To do: For the data below, transcribe the part that opens with the line containing "Women's Polo-Lista T-shirt" and closes with the line containing "Smriti me ensinando...", exactly and with no pictures.

[Listed records Boundary: Start]

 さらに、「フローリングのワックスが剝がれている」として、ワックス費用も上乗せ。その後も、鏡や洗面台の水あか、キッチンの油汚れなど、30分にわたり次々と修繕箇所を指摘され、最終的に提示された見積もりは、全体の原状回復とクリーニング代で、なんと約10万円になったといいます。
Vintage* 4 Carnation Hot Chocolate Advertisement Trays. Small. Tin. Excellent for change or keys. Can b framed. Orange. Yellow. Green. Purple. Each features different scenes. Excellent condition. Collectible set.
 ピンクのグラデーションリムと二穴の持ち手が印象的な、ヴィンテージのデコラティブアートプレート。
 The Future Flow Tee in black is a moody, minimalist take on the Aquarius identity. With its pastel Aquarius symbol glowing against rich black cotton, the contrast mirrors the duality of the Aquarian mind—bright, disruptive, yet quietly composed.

[Listed records Boundary: End]
[Listed records Boundary: Start]

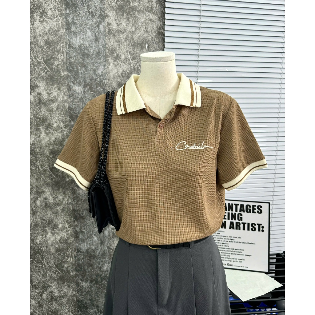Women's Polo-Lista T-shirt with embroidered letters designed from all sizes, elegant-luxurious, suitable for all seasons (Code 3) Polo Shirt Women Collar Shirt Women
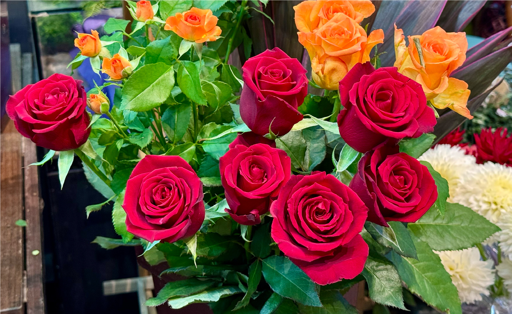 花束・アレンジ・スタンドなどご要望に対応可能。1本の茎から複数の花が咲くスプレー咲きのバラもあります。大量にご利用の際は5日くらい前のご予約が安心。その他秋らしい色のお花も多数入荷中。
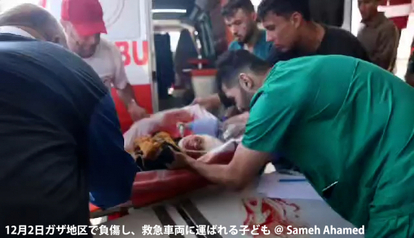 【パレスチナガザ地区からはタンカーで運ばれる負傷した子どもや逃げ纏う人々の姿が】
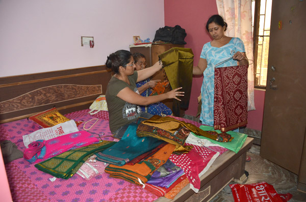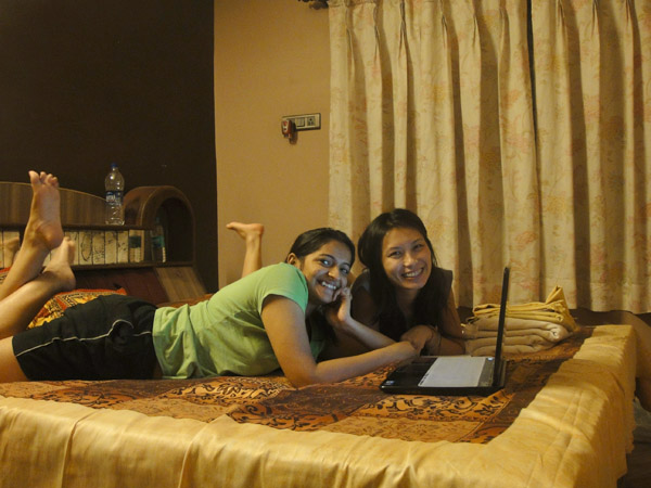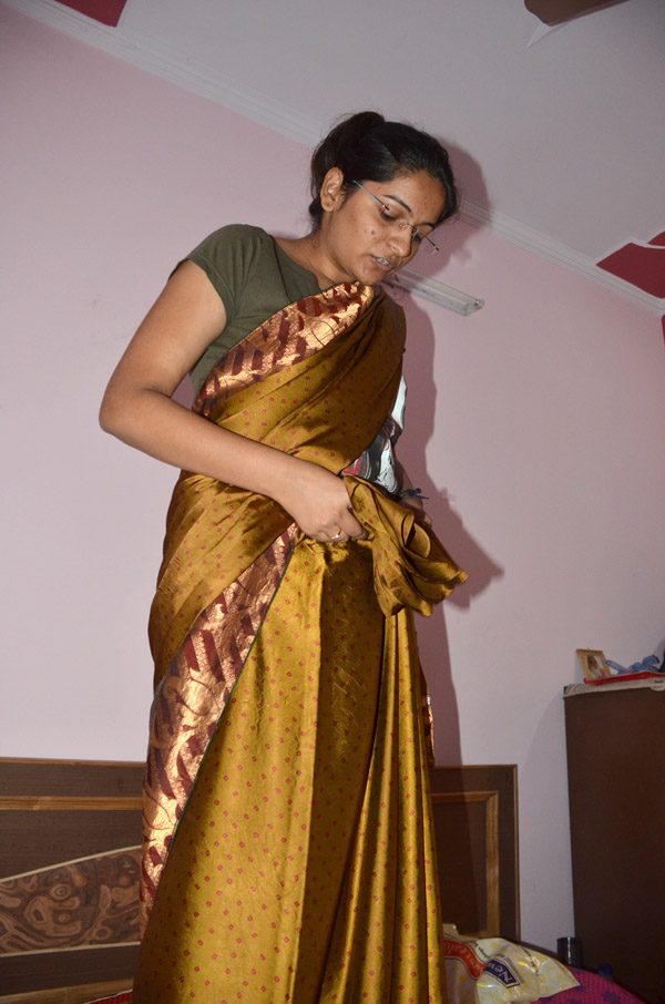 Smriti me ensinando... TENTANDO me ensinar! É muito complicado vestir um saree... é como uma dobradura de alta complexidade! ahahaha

[Listed records Boundary: End]

Expected answer:
Women's Polo-Lista T-shirt with embroidered letters designed from all sizes, elegant-luxurious, suitable for all seasons (Code 3) Polo Shirt Women Collar Shirt Women
 花束・アレンジ・スタンドなどご要望に対応可能。1本の茎から複数の花が咲くスプレー咲きのバラもあります。大量にご利用の際は5日くらい前のご予約が安心。その他秋らしい色のお花も多数入荷中。
 【パレスチナガザ地区からはタンカーで運ばれる負傷した子どもや逃げ纏う人々の姿が】
 Smriti me ensinando... TENTANDO me ensinar! É muito complicado vestir um saree... é como uma dobradura de alta complexidade! ahahaha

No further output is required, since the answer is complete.